Task brief: Copy the material below verbatim from the line with "她今天53岁勒,可这个气象那" to the line with "50 Peças: 10", both lines included, omitting pictures and every line outside that range.
Information shown section start
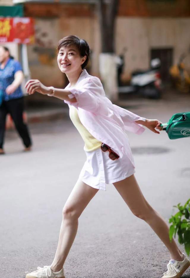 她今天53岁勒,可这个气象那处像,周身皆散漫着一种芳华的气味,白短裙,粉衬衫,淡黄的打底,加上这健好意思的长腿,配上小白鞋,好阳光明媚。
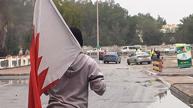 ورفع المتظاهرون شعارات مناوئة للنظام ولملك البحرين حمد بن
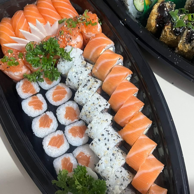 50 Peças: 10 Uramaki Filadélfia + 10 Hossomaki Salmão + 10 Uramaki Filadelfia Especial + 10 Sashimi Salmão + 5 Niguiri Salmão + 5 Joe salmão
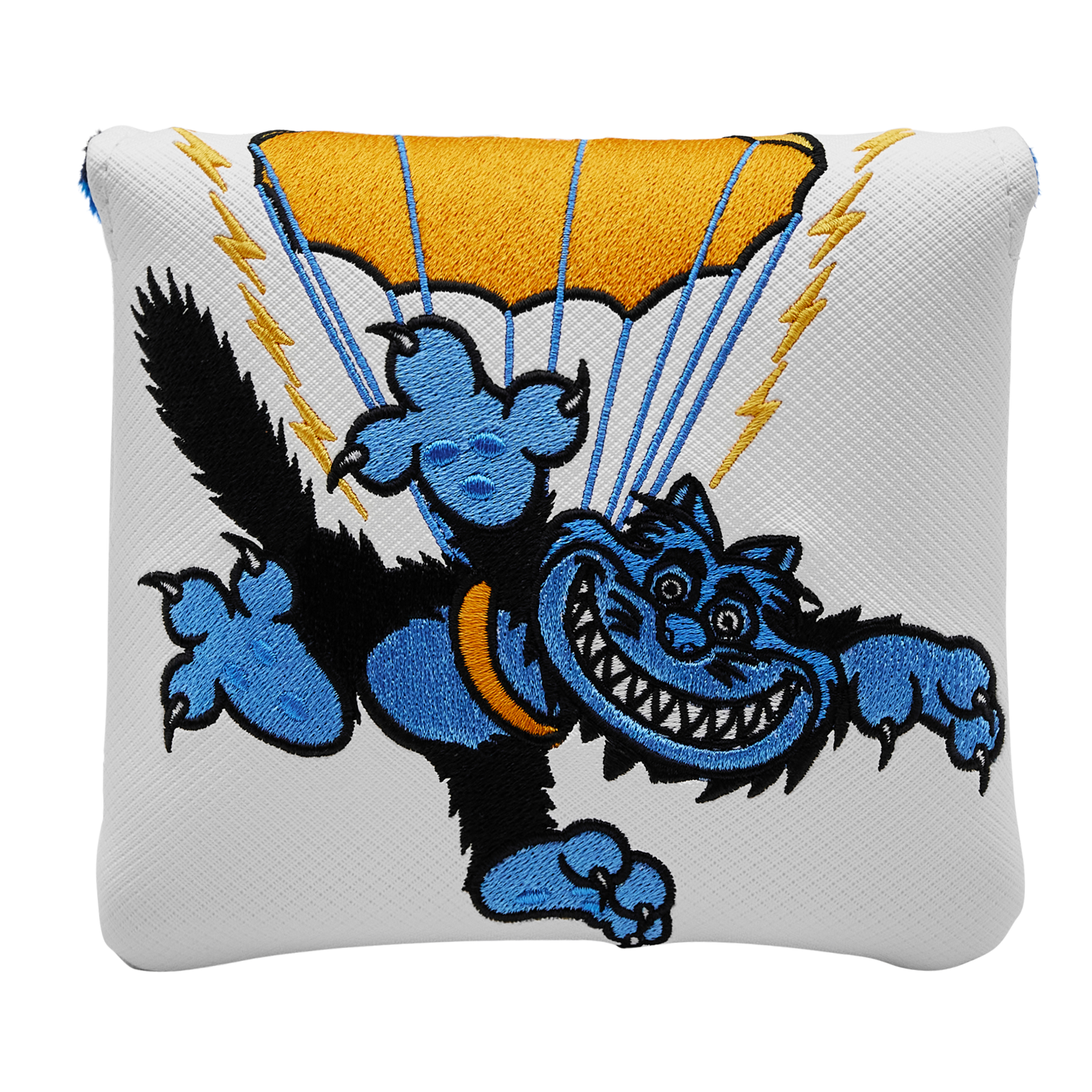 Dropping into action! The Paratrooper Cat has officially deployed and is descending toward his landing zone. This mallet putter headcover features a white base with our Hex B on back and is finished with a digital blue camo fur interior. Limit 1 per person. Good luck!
Information shown section end
Information shown section start
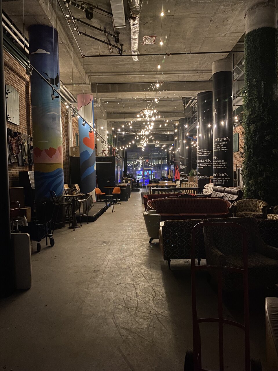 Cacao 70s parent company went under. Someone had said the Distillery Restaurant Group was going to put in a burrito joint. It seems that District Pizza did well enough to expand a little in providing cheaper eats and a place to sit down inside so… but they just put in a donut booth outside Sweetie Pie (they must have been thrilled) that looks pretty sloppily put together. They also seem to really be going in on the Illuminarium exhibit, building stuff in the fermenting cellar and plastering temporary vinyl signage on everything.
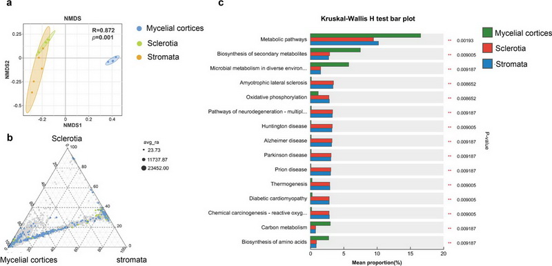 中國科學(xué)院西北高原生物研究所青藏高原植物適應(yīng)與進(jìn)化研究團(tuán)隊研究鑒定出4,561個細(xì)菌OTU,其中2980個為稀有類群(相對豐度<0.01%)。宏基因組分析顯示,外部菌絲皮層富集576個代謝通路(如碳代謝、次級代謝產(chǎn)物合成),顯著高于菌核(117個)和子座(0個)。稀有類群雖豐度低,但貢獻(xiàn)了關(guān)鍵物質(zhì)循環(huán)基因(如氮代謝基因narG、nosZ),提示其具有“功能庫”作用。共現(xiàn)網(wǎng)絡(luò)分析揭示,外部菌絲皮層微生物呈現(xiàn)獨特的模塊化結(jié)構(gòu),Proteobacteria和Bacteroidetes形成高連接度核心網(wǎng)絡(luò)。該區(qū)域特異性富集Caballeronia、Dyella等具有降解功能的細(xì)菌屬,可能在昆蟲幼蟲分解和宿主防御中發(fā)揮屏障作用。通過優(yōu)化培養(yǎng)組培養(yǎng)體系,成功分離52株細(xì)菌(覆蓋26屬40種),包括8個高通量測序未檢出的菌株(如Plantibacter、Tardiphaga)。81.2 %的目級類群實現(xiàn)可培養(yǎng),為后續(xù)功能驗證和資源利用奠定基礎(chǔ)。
Information shown section end
The completed task:
 她今天53岁勒,可这个气象那处像,周身皆散漫着一种芳华的气味,白短裙,粉衬衫,淡黄的打底,加上这健好意思的长腿,配上小白鞋,好阳光明媚。
 ورفع المتظاهرون شعارات مناوئة للنظام ولملك البحرين حمد بن
 50 Peças: 10 Uramaki Filadélfia + 10 Hossomaki Salmão + 10 Uramaki Filadelfia Especial + 10 Sashimi Salmão + 5 Niguiri Salmão + 5 Joe salmão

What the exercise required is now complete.